What you have to do:
Would you please set down, word for word, the lines from the one with "- Zadel: Comfortabel" through the final line of the data below, omitting any pictures?

(Excerpts from a dataset)

<<<<

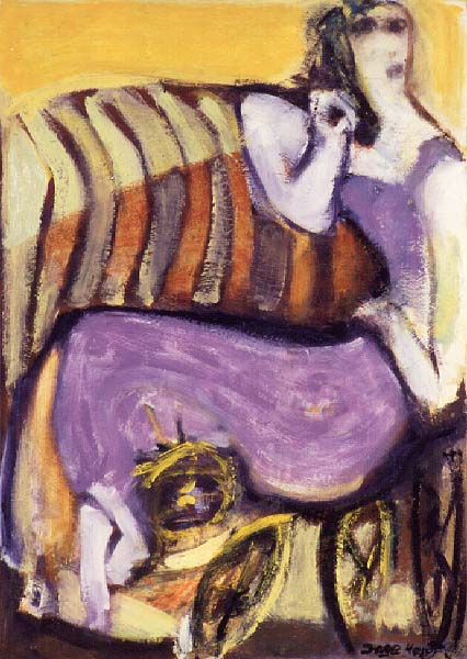 Fotograf: Eget foto Værk titel: Sofacyklen Værk type: Maleri Materiale: Papir opklæbet på masonite - mix/media Størrelse: 64x46 cm Færdiggjort: 1994
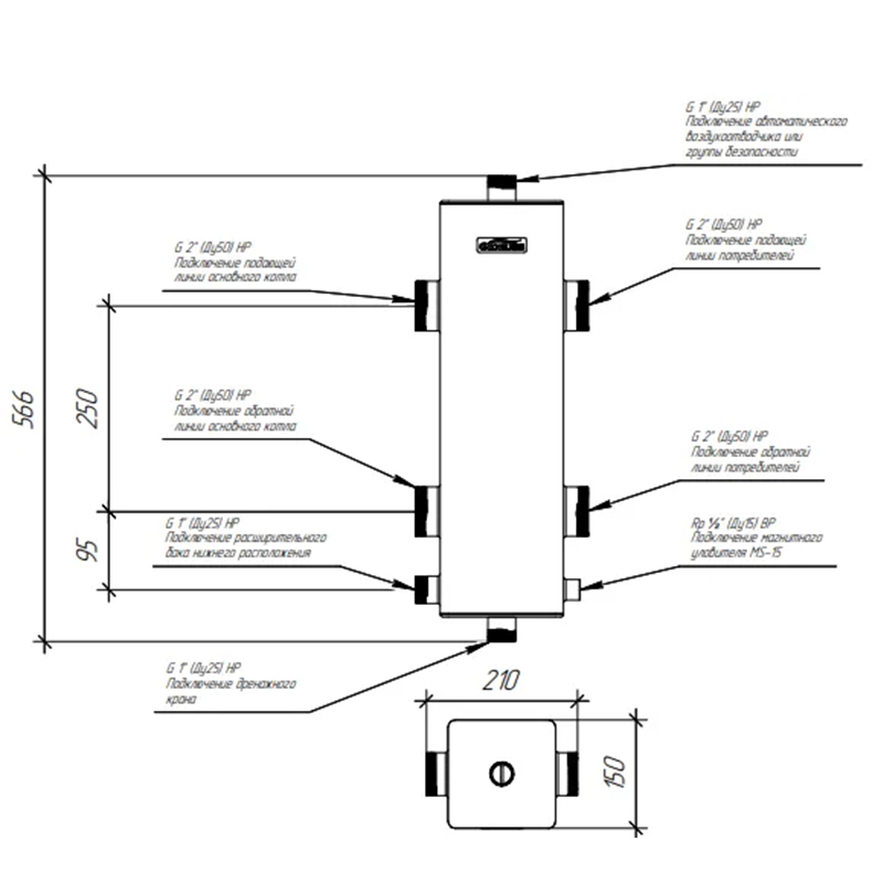 GIDRUSS Гидровлический разделитель 2" до 250 кВт (нерж.)
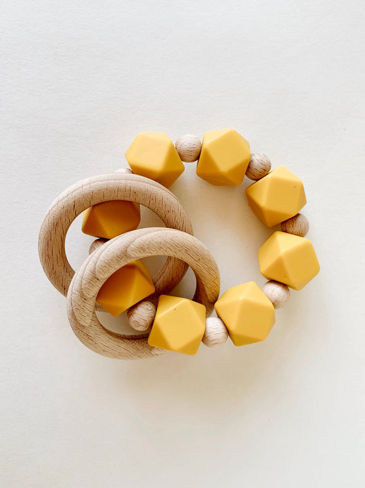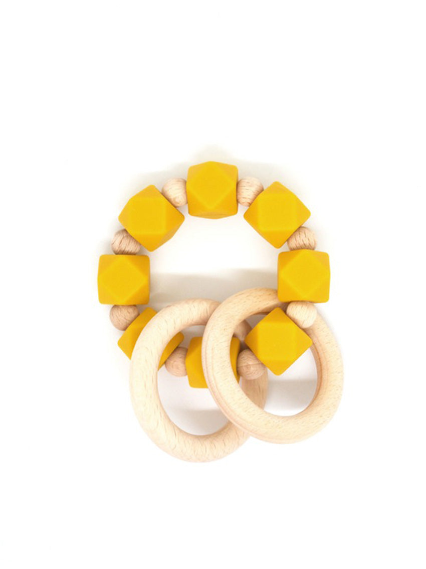 Two untreated wood rings move freely around the circle of BPA free silicone beads creating a soft rattle when baby shakes.
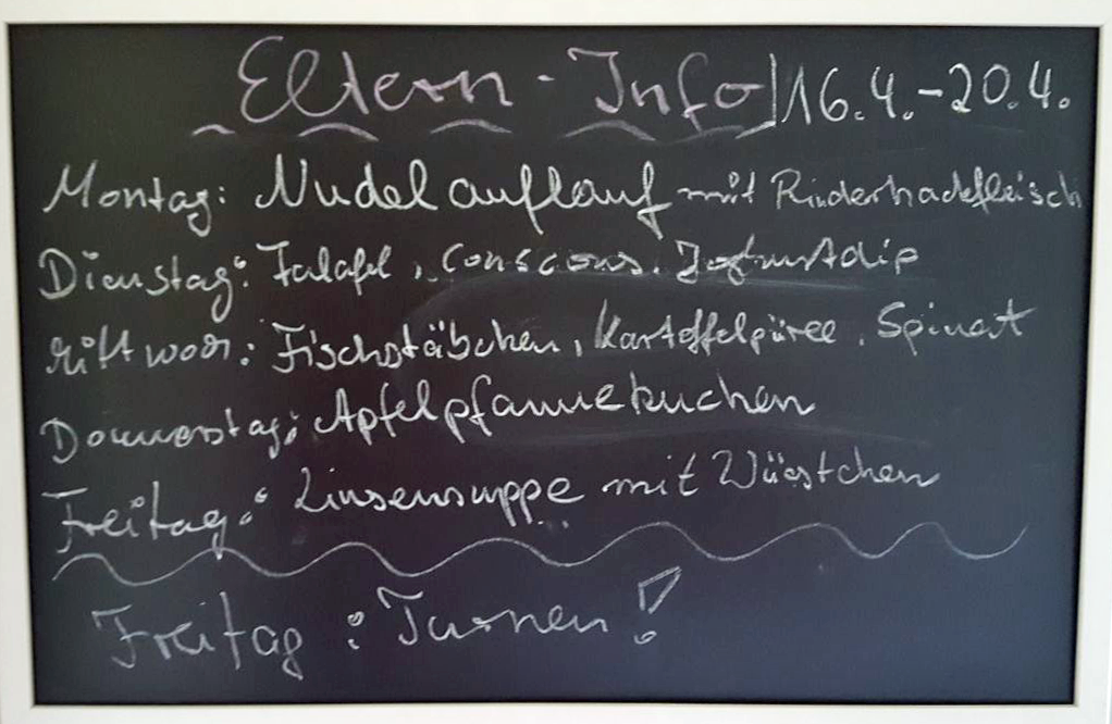 Ich werde jeden Tag eine ausgewogene Mahlzeit frisch zubereiten. Der Speiseplan wechselt wöchentlich. Ich biete außerdem regionale und saisonnale Gerichte an. Mir ist es wichtig, dass die Kinder neue Speisen kennenlernen.
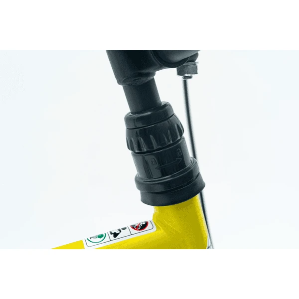 - Zadel: Comfortabel en gedecoreerd kinderfietszitje met geïntegreerde zadelpen
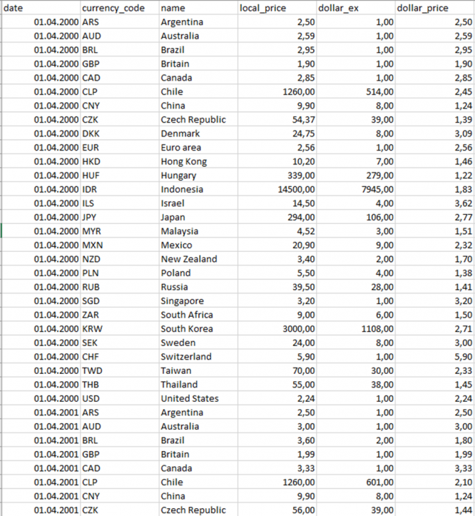 - изучить файл «BigmacPrice.csv », содержащий динамику изменения цены Биг-Мак в Мcdonald's в разных странах мира;

>>>>

Your response:
 - Zadel: Comfortabel en gedecoreerd kinderfietszitje met geïntegreerde zadelpen
 - изучить файл «BigmacPrice.csv », содержащий динамику изменения цены Биг-Мак в Мcdonald's в разных странах мира;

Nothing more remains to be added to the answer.